Summary: The solution is to disable DNSMasq in /etc/NetworkManager/NetworkManager.conf .

It's no fun when it's not you configuring things wrong, but a bug. Reason is that you haven't learned anything, just made up incorrect reasons, until you find the bug.

A curious thing happened today, a Ubuntu 16.04 machine running a couple of KVM guest machines lost it's connection to the Internet, but the guest machines kept theirs!

After a closer look the host machine still had an Internet connection, but its DNS did not work. I will not bore you with the meandering trouble-shooting path, but in short this is a conflict between /etc/network/interfaces and the NetworkManager. These seem to be different competing systems for configuring your network, and sometimes they do not agree.

This time the conflict was about /etc/resolv.conf, which nowadays is handled by other processes, so if you manually write in it, that will be over written.
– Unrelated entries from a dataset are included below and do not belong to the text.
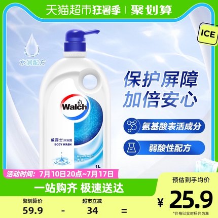 威露士 水润氨基酸沐浴露,经典配方,添加氨基酸成分,温和洁净,不粘腻,深层清洁,舒缓肌肤,滋润保湿,威露士去味因子,去除汗味。聚划算团购价¥ 59.9,下单立减¥ 34,领取3元优惠券,实付22.9元包邮
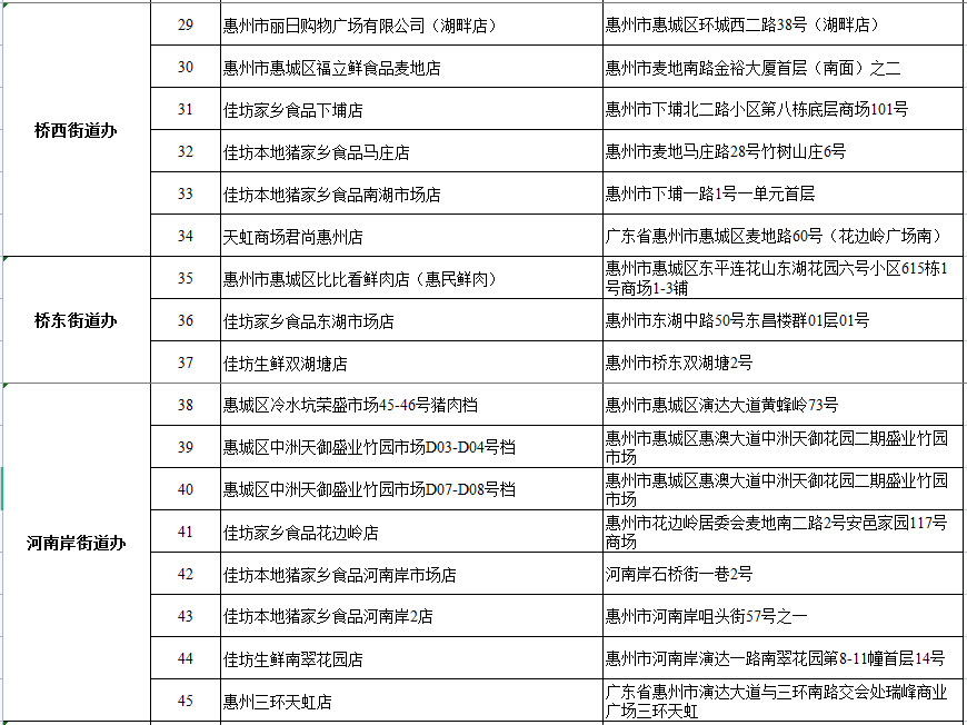 據介紹,50個調控點分別由市肉聯廠有限公司、佳坊農產品有限公司、麗日購物廣場、天虹商場、匯綠鮮果蔬農民專業合作社等企業承擔政府調控豬肉具體銷售工作。屆時,各調控點將會在適當位置懸掛“2023年春節期間政府價格惠民豬肉調控點”橫幅以及張貼“政府價格惠民豬肉調控價目表”。
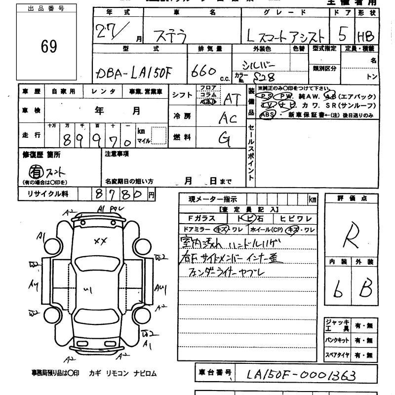 SUBARU STELLA 2015 г., лот № 69
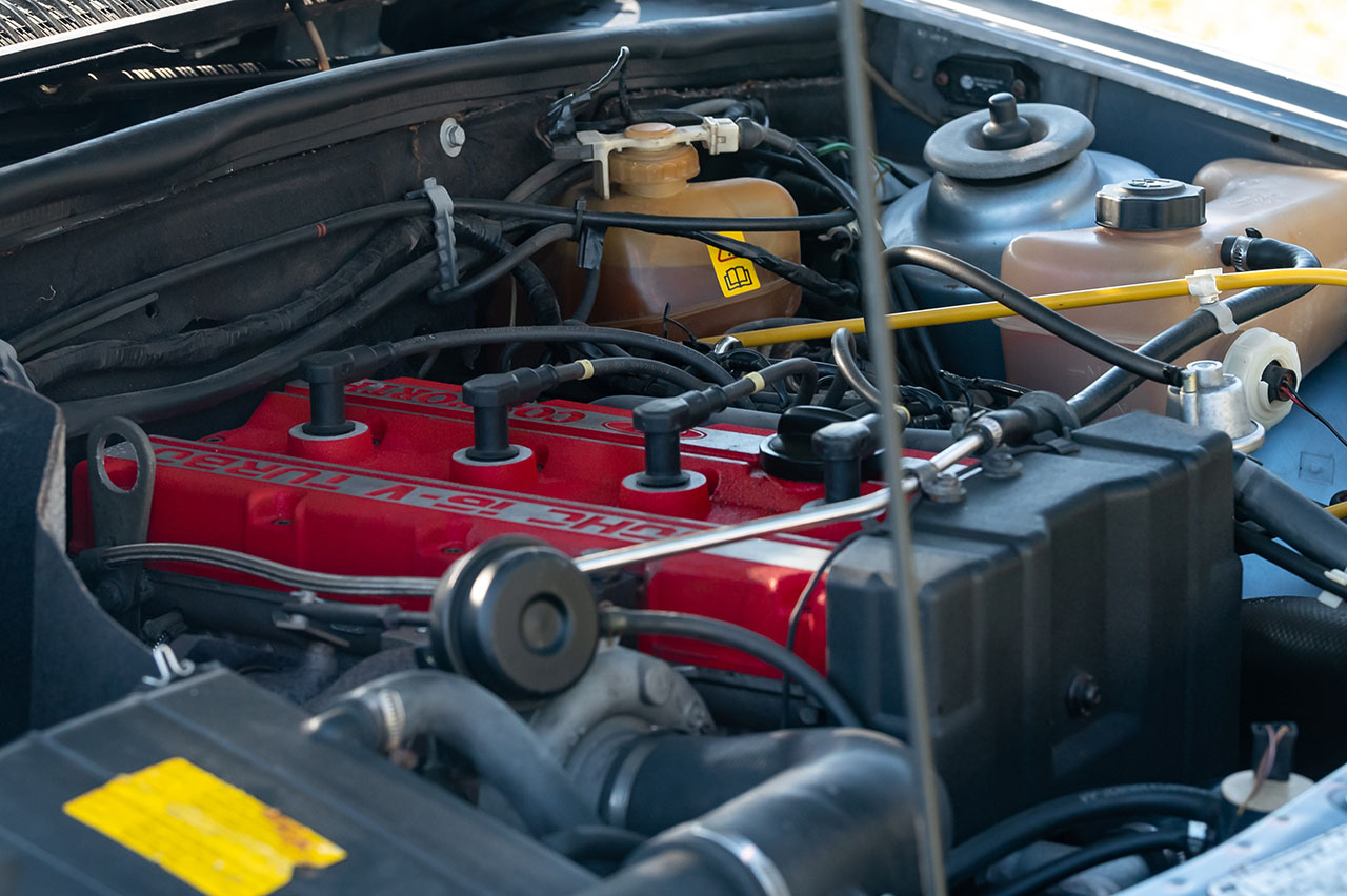 Debajo del motor tenía bastante furia, ya que montaba un propulsor turbo DOHC de 2 litros y 16 válvulas diseñado por Cosworth, que estaba asociado a una transmisión manual Borg Warner T5. A este hatchback de tracción trasera se le atribuyó el desarrollo de unos 206 CV de potencia y 278 Nm de par máximo.

In this case bridge-utils (or possible a program triggered by it) wants to write whatever DNS settings it's configured with in /etc/network/interfaces , to /etc/resolv.conf. At the same time NetworkManager wants to tell /etc/resolv.conf that it has a DNSMasq DNSproxy running on localhost. And that does not work, maybe because DNSMasq only reponds to NetworkManager,or it's not there, or it's erroneously configured or whatever. /etc/resolv.conf gets clobbered with 127.0.0.1 and that's it.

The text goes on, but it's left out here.